While it was Thayer's turn to distract the Emperor, Melles sent one of the guards for his physicians, and looked around for something that might serve to blunt the Emperor's anger—or at least anesthetize him. This was a fairly public room, filled with gray or white-leather chairs arranged in small groups, with a white desk of bleached wood that was too clean to be used very often off in a corner, and rugs made of bleached sheepskin scattered about on the white-marble floor. There was a sideboard of gilded gray marble to Melles' right that was even more impressive than the one in Melles' rooms; it was loaded down with crystal decanters of liquors he recognized and those he did not. What, in the name of the Hundred Little Gods, would a drink as yellow as a buttercup or as blue as a berry taste like? Or one as green as new spring grass?
Or did he really want to know?
Probably not. If Charliss was used to entertaining the minor rulers of his possessions here, he would probably keep a stock of every vile concoction that every pelt-wearing barbarian ever invented in the name of "something to drink." Over the years, Melles had sampled a few of these, and he was not eager to renew his acquaintance with any of them.

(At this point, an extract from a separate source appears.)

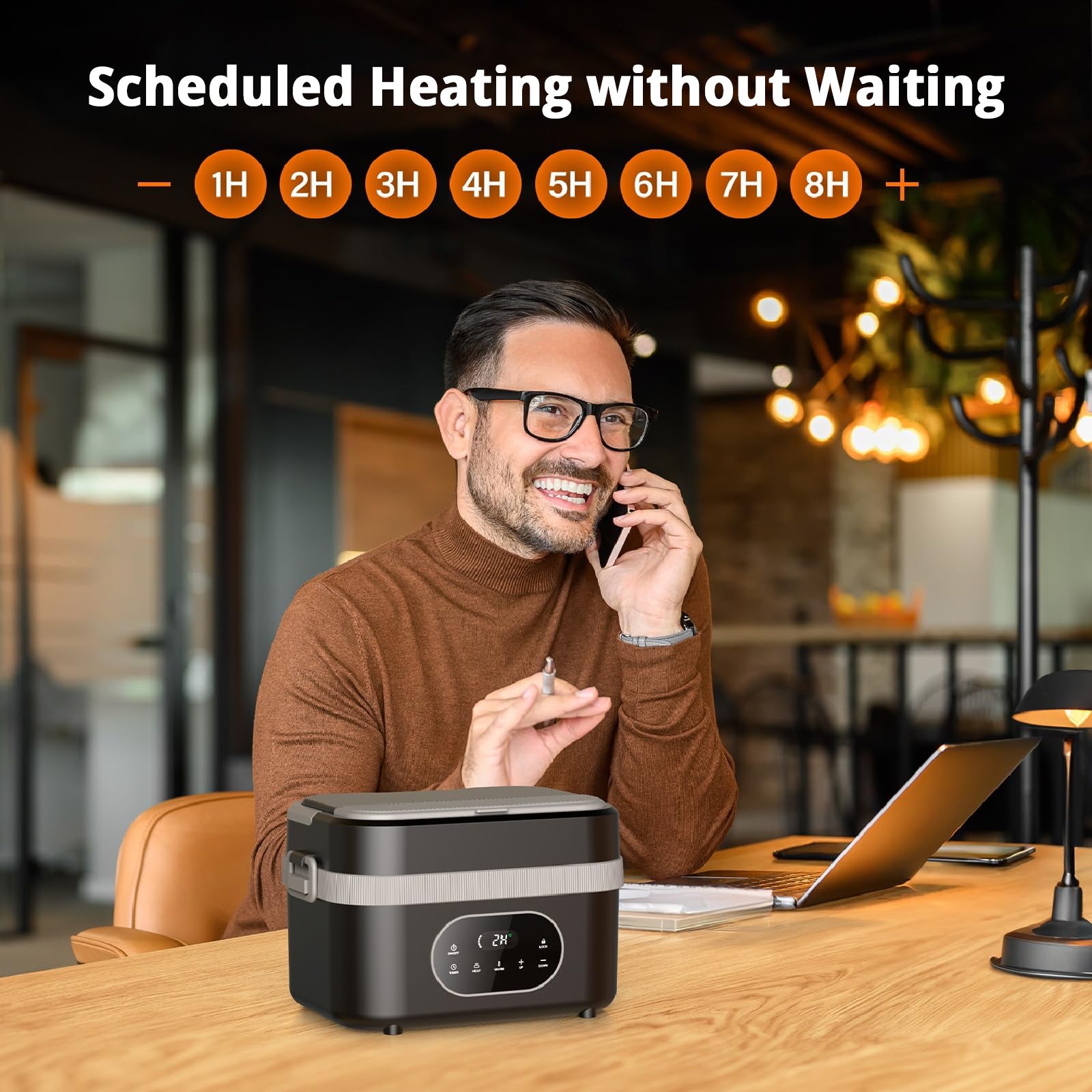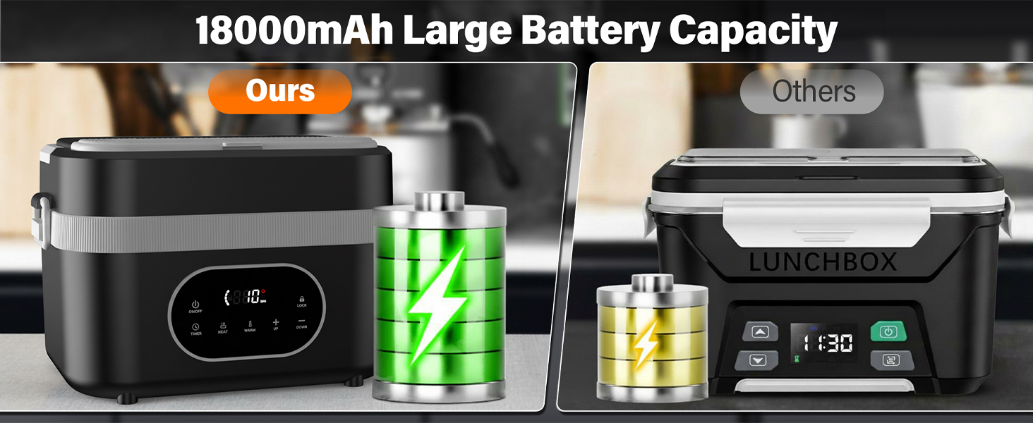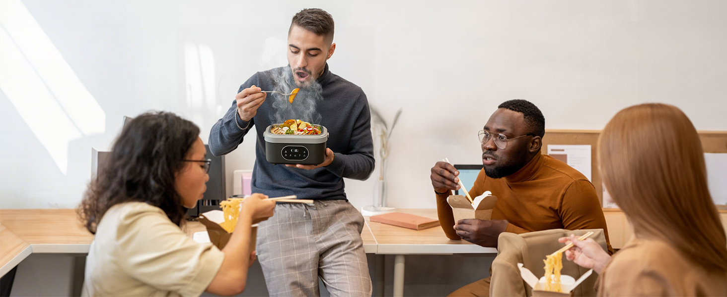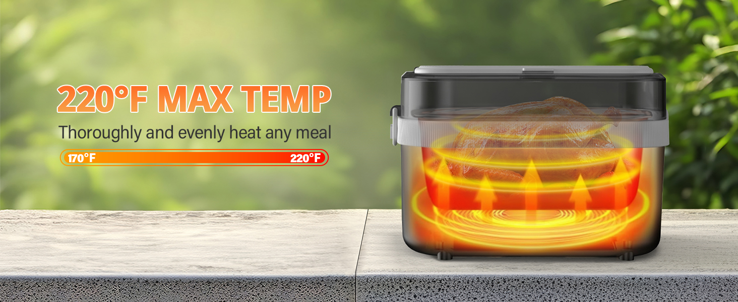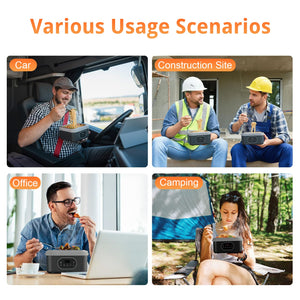 Offers 360° consistent heating powered by a built-in battery, helping meals warm evenly while maintaining moisture and flavor—suitable for office breaks, job sites, or outdoor dining.

There were some things man was not meant to know—or imbibe.
By carefully sniffing the necks of each of the likely bottles, he found a decanter of the same potent brandy he himself had been drinking when the formal Court had been called. He poured a much larger portion than he would ever have drunk himself, and took it to the Emperor.
Charliss seized it in a clawlike hand and downed it without even blinking, then threw the glass across the room, where it hit the wall and shattered, leaving sparkling shards and a few ruby-red drops of bloodlike liquid on the white floor.
Melles raised an eyebrow at Thayer, who shook his head. Evidently the General figured he had the situation in hand and didn't need to turn the Emperor over to Melles just yet. Melles nodded, got another two glasses of the wine, kept one for himself and brought the other to Thayer. Then he stood back until Thayer needed him.